Add comprehensive TDD implementation plan with 4-layer HMAS architecture by mvillmow · Pull Request #1 · HomericIntelligence/ProjectKeystone

mvillmow · 2025-11-17T22:07:22Z

Summary

Complete implementation plan for ProjectKeystone - a high-performance C++20 Hierarchical Multi-Agent System (HMAS). This PR establishes the architectural foundation, development methodology, and detailed roadmap for building the system.

Architecture: 4-Layer Hierarchy

The system uses a 4-layer hierarchical architecture that mirrors the agent development structure:

Level 0: Chief Architect Agent (strategic decisions, system-wide coordination)
Level 1: Component Lead Agent (component-level architecture, module coordination)
Level 2: Module Lead Agent (task decomposition, result synthesis, code review)
Level 3: Task Agent (concrete execution, code implementation, testing)

This creates a self-similar organization where the system structure reflects the development process.

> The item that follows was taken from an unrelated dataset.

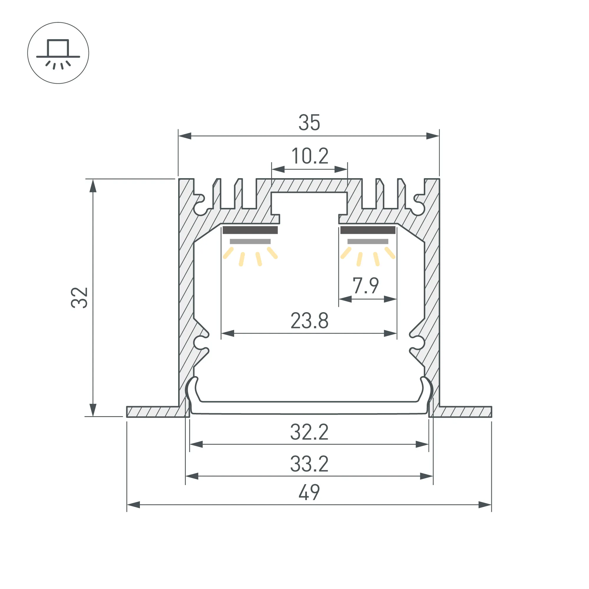 Встраиваемый профиль с накладным фланцем из анодированного алюминия для основной и контурной подсветки помещений. Габаритные размеры профиля составляют 3000 мм в длину, 49 мм в ширину и 32 мм в высоту, паз для установки 35 мм. Площадка для установки светодиодных лент позволяет использовать одну ленту шириной от 17 до 23 мм и мощностью до 39,4 Вт/м или две ленты шириной до 7 мм и мощностью 19,7 Вт/м каждая. Это обеспечивает гибкость в выборе светодиодных лент и создает потрясающие световые решения.

Development Approach: TDD with E2E Testing

Test-Driven Development with End-to-End tests as primary validation:

Write failing E2E test first (complete workflow)
Implement minimal code to pass test
Refactor and optimize
Incremental complexity: 2 agents → 3 layers → 4 layers → full system
Every commit has working E2E tests

Key Documents

Primary Implementation Guides

TDD_FOUR_LAYER_ROADMAP.md - Complete 14-week TDD roadmap with E2E test scenarios
FOUR_LAYER_ARCHITECTURE.md - Complete 4-layer architecture specification
README.md - Overview, navigation, and quick start

Supporting Documentation

modules.md - C++20 module structure (Keystone.Core, Protocol, Agents, Integration)
build-system.md - CMake 3.28+ configuration with C++20 module support
testing-strategy.md - Testing frameworks (GoogleTest, benchmarks, coverage)
risks.md - Risk analysis and mitigation strategies

Implementation Timeline

Total: 14 weeks

Phase 1 (Weeks 1-3): L0 + L3 only - Core infrastructure validation
Phase 2 (Weeks 4-6): Add L2 (Module Lead) - Task synthesis and retry logic
Phase 3 (Weeks 7-9): Add L1 (Component Lead) - Multi-module coordination
Phase 4 (Weeks 10-12): Full multi-component system - Parallel execution
Phase 5 (Weeks 13-14): Performance optimization and chaos testing

Technology Stack

Language: C++20 (modules, coroutines, concepts)
Concurrency: Actor Model with concurrentqueue (lock-free)
Serialization: Cista (zero-copy internal), Protobuf (external gRPC)
AI Integration: ONNX Runtime (local), gRPC clients (remote)
Build: CMake 3.28+, vcpkg
Testing: GoogleTest, Google Benchmark

Performance Targets

Throughput: >1M messages/second
Latency: <1ms internal (p99), <10ms external (p99)
Scalability: Linear to 100+ concurrent agents
Test Coverage: >95% core, >90% agents

What's Next

Start implementation following TDD_FOUR_LAYER_ROADMAP.md:

Week 1: Set up E2E test infrastructure
Week 2-3: Implement L0 + L3 with basic message passing
Week 4-6: Add L2 for task synthesis
Continue through phases to full system

Commits Included

ee86a48 - Initial comprehensive implementation plan (7 documents)
f1f297d - Add TDD-first approach with two-agent initial model
06fb634 - Update to 4-layer architecture matching dev agent structure
5c38806 - Remove legacy 3-layer architecture documents

Ready for review and merge to begin implementation! 🚀

Add complete implementation plan for the high-performance C++20 Hierarchical Multi-Agent System (HMAS) including: - Overall implementation roadmap (README.md) - System architecture and design patterns (architecture.md) - Detailed 8-phase implementation timeline (phases.md) - C++20 module structure and dependencies (modules.md) - Build system configuration with CMake 3.28+ (build-system.md) - Comprehensive testing strategy with TDD approach (testing-strategy.md) - Risk analysis and mitigation strategies (risks.md) Key Features: - 3-layer agent hierarchy (Root/Branch/Leaf) - Actor-model with C++20 coroutines - Lock-free message passing via concurrentqueue - Zero-copy serialization (Cista) internally - gRPC/Protobuf for external AI services - 20-week implementation timeline - >95% test coverage targets The plan emphasizes modern C++20 features including modules, coroutines, and advanced concurrency primitives while maintaining high performance (1M+ msg/sec throughput, <1ms latency).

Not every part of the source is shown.